Шурик прекрасно понимал, что дрожь эта вовсе не от холода. Однако спорить не стал и, запахнувшись поплотнее, согласно кивнул:
— Да, холодновато…
— Да, холодновато! — согласно кивнул Игнатий Корнеич, застегнув ворот богато расшитой купеческой косоворотки. — Обычно в Феодосии в эту пору гораздо теплее!
Шурик, не имевший ровным счетом никакого представления, как обычно бывает в эту пору в Феодосии, тем не менее спорить не стал, во все глаза глядя вокруг себя, как и положено настоящему разведчику, вышедшему на тропу войны. И хотя неприятельская Франция была еще очень и очень далеко, посмотреть все равно было на что.
Взять хотя бы море — суровое, неведомое ранее море, шумевшее в пяти метрах от него под высоким гранитным парапетом, мокрым от взлетавших над ним брызг. Конечно же он был наслышан о том, что море больше виданного им прежде Белого озера вологодской земли, но он и предположить не мог, насколько оно больше! Поистине бескрайняя равнина, блиставшая под лучами заходящего солнца, потрясала воображение юноши, равно как и тот факт, что через пару часов ему предстояло взойти на борт греческого парусника, покачивавшегося у пирса неподалеку, и устремиться через эту равнину за горизонт, где его ожидали и Босфор с Дарданеллами, и Афины с Марселем, и еще много-много невиданных чудес.
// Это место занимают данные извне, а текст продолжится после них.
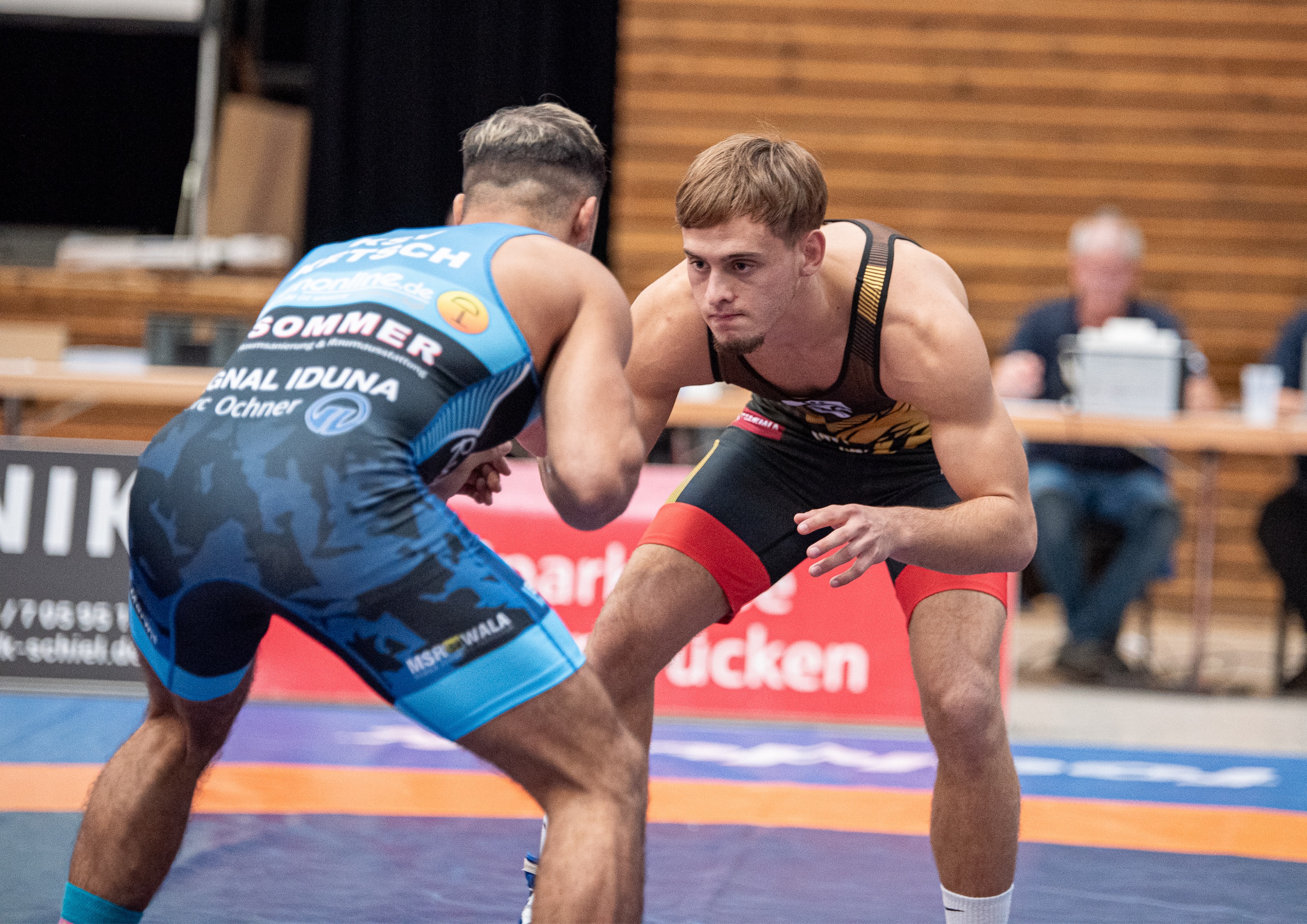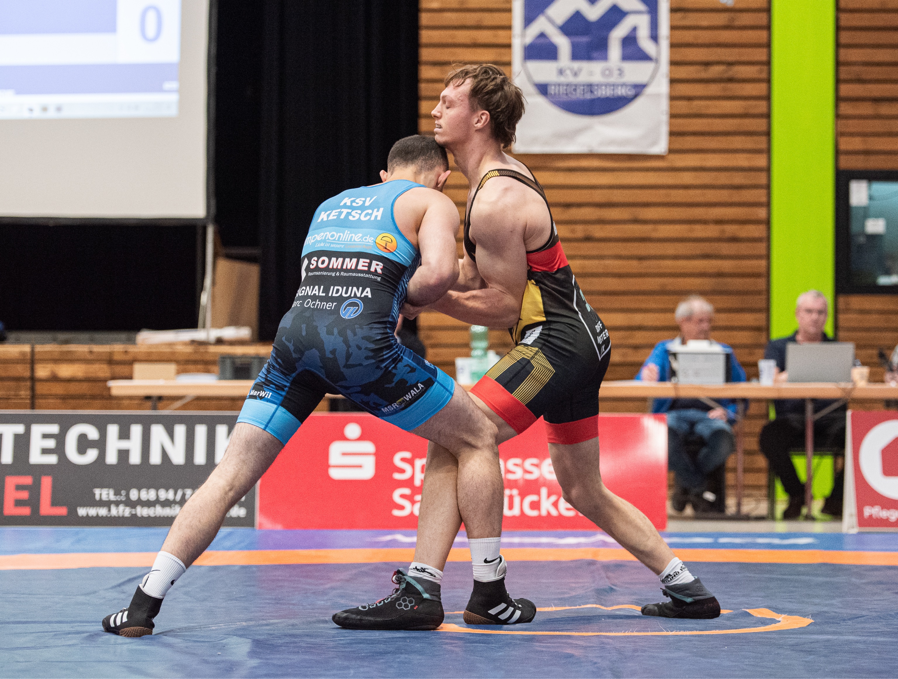 Gegen die starke Mannschaft aus Baden-Württemberg scheiterten die Mattenfüchse jedoch am Ende knapp mit 13:18. Erfreulich jedoch, die angeschlagenen Simon Monz und Joni Khetsuriani rückten in die Mannschaft. Letztgenannter war eben so erfolgreich wie Rassoul Galbouraev, Yoan Dimitrov und Ivars Samusonoks, die allesamt ihre Kämpfe gewinnen konnten.

Игнорируя чернявого кабатчика, скакавшего вокруг них с Игнатием Корнеичем и соблазнявшего их ароматными шашлыками и горячими лавашами, великолепным вином и чудесным сыром, Шурик вспоминал события двух последних недель.
…Чутье не подвело его.
Кавалькада, примчавшая из Москвы в Суздальский монастырь все начальство вплоть до того, которое молодые антиразведчики прежде и в глаза-то не видали, была знаком нового периода его жизни. Яростная схватка на верхней галерее знаменовала собой окончание долгой и изнурительной подготовки к заброске в глубокий тыл противника. По крайней мере для Шурика-то уж точно. Родиону с Мишаней, видимо, предстояло учиться дальше.
Во всяком случае, в трапезную палату на встречу с Афанасием Максимычем их не пригласили.
Шурик же, сменив старый, потрепанный кафтан, в котором он обычно тренировался и на котором уже места живого не осталось, на чистую одежду, предстал перед боярином.
— Ну, хлопчик, готов ли ты в дорогу тронуться? — не стал крутить Афанасий Максимыч, потому как вообще никогда не крутил, отличаясь редкостной прямолинейностью.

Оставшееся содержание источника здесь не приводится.